Der moderne OSC Lille ist ein Kind des freien Frankreichs. Am 23. September 1944, drei Wochen nach der Befreiung der Stadt durch die Westalliierten, hatten die Klubs Olympique Lillois und SC Fives, wohl um eine unrühmliche Vergangenheit hinter sich zu lassen, fusioniert und den Namen Olympique Sporting Club angenommen. Seitdem hat der Verein nicht nur bei französischen Historikern, Patrioten und Fans einen besonderen Klang, sondern vor allem auch international. Ältere Semester werden sich vielleicht noch an das goldene Jahrzehnt zwischen 1946 und 1955 erinnern, als Lille zwei Mal den nationalen Meister- und fünf Mal den Cup-Titel gewann.
Danach herrschte mehr als ein halbes Jahrhundert Funkstille, es folgte eine schwierige Zeit, in der der OSC häufig den Aufzug in die unteren Ligen nehmen musste, ja 1969/70 sogar in den Amateurbereich abrutschte. Bis dann mit Claude Puel (2002 bis 2008) und Rudi Garcia (2008 bis 2013), dem späteren Langzeitcoach von Olympique Lyon, zwei Trainer die Bühne betraten, die das Unmögliche möglich machten: Erstmals nach 50 Jahren wurde Lille 2005 Vizemeister, sechs Jahre später holte man mit Garcia das Double. International stieg man beide Male ins Achtelfinale des Uefa-Pokals (danach Europa League) auf.
Der größte Coup gelang Lille, das sich nach diesem Höhenflug erst fangen musste und zwischen 2013 und 2017 nicht weniger als acht Trainer verschliss, aber in der Corona-Saison 2020/21. Nicht nur konnte man mit einem einzigen Punkt Vorsprung Paris Saint Germain knapp den Meistertitel wegschnappen, auch eroberten die Doggen, wie sie genannt werden, zum ersten Mal die französische Supercup-Trophäe. Für das alles verantwortlich war vor allem ein Mann: Christophe Galtier. Ein Coach, der vielen nicht nur wegen der beiden Titel für Lille, sondern auch seines völlig überraschenden Rücktritts zwei Tage nach er Meisterfeier in Erinnerung blieb. "Ich glaube einfach, dass meine Zeit hier abgelaufen ist", sagte er und nahm am Höhepunkt seiner Karriere den Hut. Nun liegt es an Nachfolger Jocelyn Gourvennec, den Klub durch die Champions-League-Gruppenphase zu führen.

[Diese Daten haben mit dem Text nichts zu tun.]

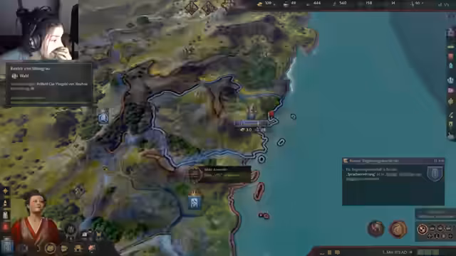 01:32:07Im Spiel hat sich der Streamer der politischen Bewegung der 'Bewahrer' angeschlossen, die für die Bewahrung alter Traditionen und die Stärkung der mächtigen Familien eintritt. Diese Entscheidung wird als paradox und als 'CDU-Cosplay' beschrieben, da die Spielerfigur als weibliche Herrscherin traditionell patriarchal Strukturen bricht, obwohl sie für deren Erhalt eintritt. Der Beitritt zur Bewegung hat einen spürbaren positiven Effekt auf die persönliche Bewegungsmacht der Figur, bringt aber auch repressive und rückschrittliche Konsequenzen für die Verwaltung des Reiches mit sich.

Salzburgs Verteidigerproblem
Dass der OSC im Auftaktspiel der Gruppe G, wo auch Red Bull Salzburg und der FC Sevilla warten, gegen Wolfsburg nicht über ein 1:1 hinauskam, muss noch nichts bedeuten. Für die Salzburger wird das Heimspiel gegen die Franzosen am Mittwoch (21 Uhr/Servus TV/Sky) jedenfalls kein Spaziergang. Einen klaren Favoriten gibt es nicht, und vermutlich hat der verletzte Spielgestalter Zlatko Junuzovic recht, wenn er von einem "Fifty-Fifty-Spiel" spricht. Trainer Matthias Jaissle sieht es ähnlich: "Lille hat unfassbare Qualität, vor allem in der Offensive. Da müssen wir auf der Hut sein", sagte er. "In Summe ist Lille eine spielstarke Mannschaft, die mit Ball viele interessante Muster spielt."
Ein Problem gibt es dennoch: Salzburg gehen fast die Innenverteidiger aus. Allein Jaissle wischte die Angelegenheit am Dienstag rasch beiseite ("Der Kader bringt in der Breite Qualität mit") und sah die Lage in der Defensive entspannt. Zwar fehlen in Oumar Solet, Kamil Piatkowski und Albert Vallci drei Akteure verletzt, dafür schaute es bei einem vierten, Maximilian Wöber, am Dienstag mit einem Comeback "ganz gut aus".
Um als erstes ÖFB-Team seit Sturm Graz im Jahr 2000 in der Königsklasse zu überwintern, ist für die Salzburger fast ein Heimsieg gegen Lille nötig. Den Doggen geht es nicht anders, und sie dürfen zuversichtlich sein. Lille ist nicht nur ein Kind des freien Frankreichs, es ist auch aktuell der beste Verein Frankreichs. Zumindest auf dem Papier.